Mayo Clinic, Rochester, MN, USA.
University of Minnesota, Minneapolis, MN, USA.
J Prim Care Community Health. 2024 Jan-Dec;15:21501319241291790. doi: 10.1177/21501319241291790.
INTRODUCTION/OBJECTIVES: We aimed to investigate the effect of family structure on depression program outcomes for adolescents enrolled in a depression-focused, primary care-based collaborative care program.
This was a retrospective study of primary care patients ages 12 to 18 years seen at a Midwestern academic center with data obtained by medical record review. We used logistic regression models to assess the effect of family structure on program graduation and achievement of a single Patient Health Questionnaire 9-Modified for Adolescents (PHQ-9M) score <5 at any time while enrolled.
Adolescents were divided into 2 groups, Both Parents in Household (n = 179) and Parents Not Together (n = 161). The Both Parents in Household group had higher rates of graduation (38.0% vs 23.6%, = .005) and achieving single PHQ-9M scores <5 (64.1% vs 46.2%, = .002) than the Parents Not Together group.

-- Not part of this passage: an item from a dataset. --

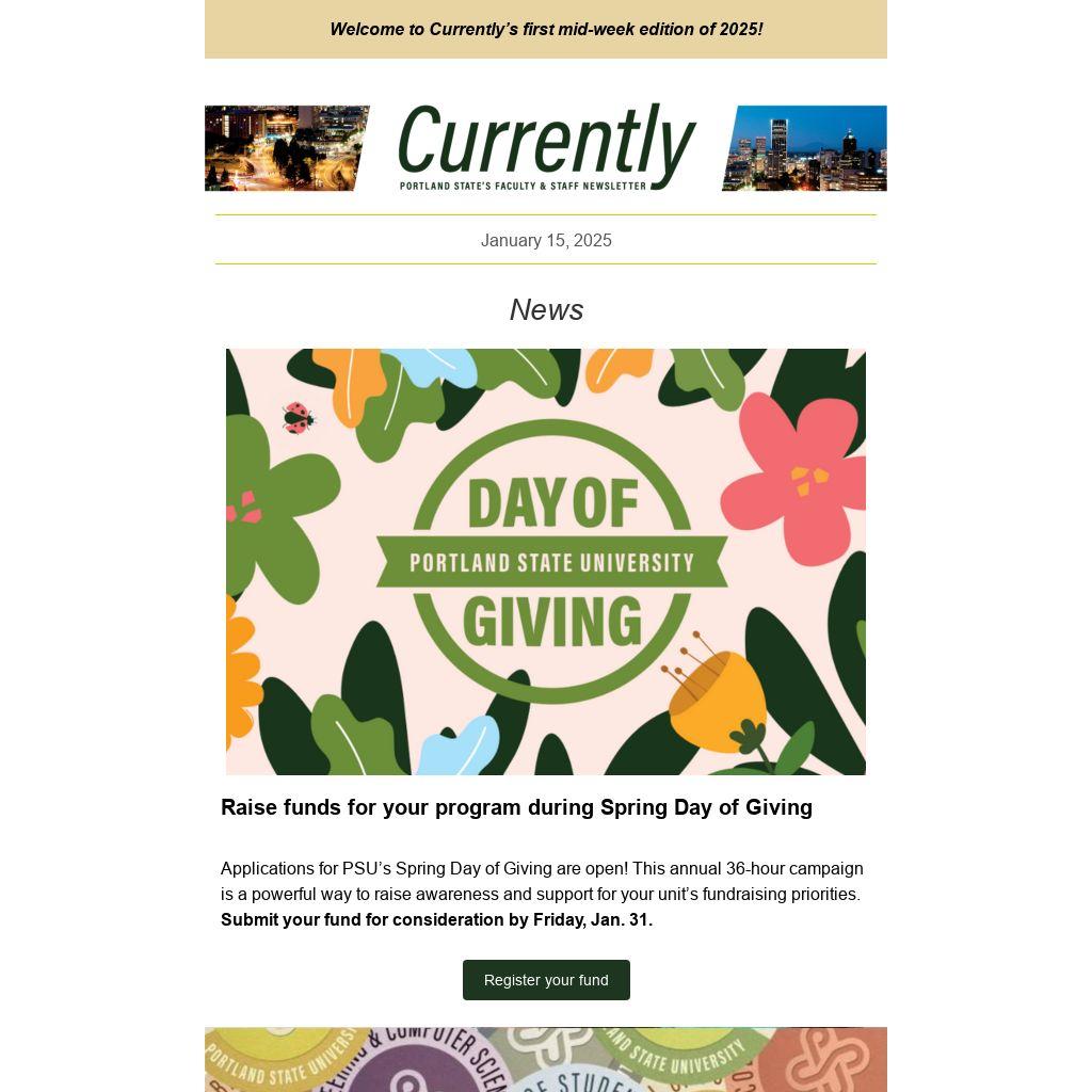 CURRENTLY is a weekly newsletter for the employees of Portland State University, published by University Communications. News items, events and accolades should be sent to currently@pdx.edu. Deadline is noon, the Tuesday before publication. See the Currently website for submission guidelines and schedule.

Youth residing with both parents had higher rates of successful outcomes in a depression-focused collaborative care program.

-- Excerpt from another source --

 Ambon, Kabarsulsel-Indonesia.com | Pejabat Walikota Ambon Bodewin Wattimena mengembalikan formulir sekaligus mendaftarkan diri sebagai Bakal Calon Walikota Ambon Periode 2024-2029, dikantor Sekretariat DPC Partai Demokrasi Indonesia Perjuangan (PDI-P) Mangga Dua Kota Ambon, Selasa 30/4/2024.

简介/目的:我们旨在探讨家庭结构对参加以抑郁为重点的、基于初级保健的协作护理计划的青少年抑郁项目结果的影响。
这是一项对中西部学术中心的初级保健患者进行的回顾性研究,数据通过病历回顾获得。我们使用逻辑回归模型来评估家庭结构对项目毕业率以及在任何时间参加计划时实现单一青少年患者健康问卷 9 项修订版(PHQ-9M)评分<5 的影响。
青少年分为两组,父母都在家(n=179)和父母不住在一起(n=161)。父母都在家的组的毕业率(38.0%比 23.6%,=0.005)和达到单一 PHQ-9M 评分<5 的比例(64.1%比 46.2%,=0.002)均高于父母不住在一起的组。
与父母同住的青少年在以抑郁为重点的协作护理计划中取得更好的结果。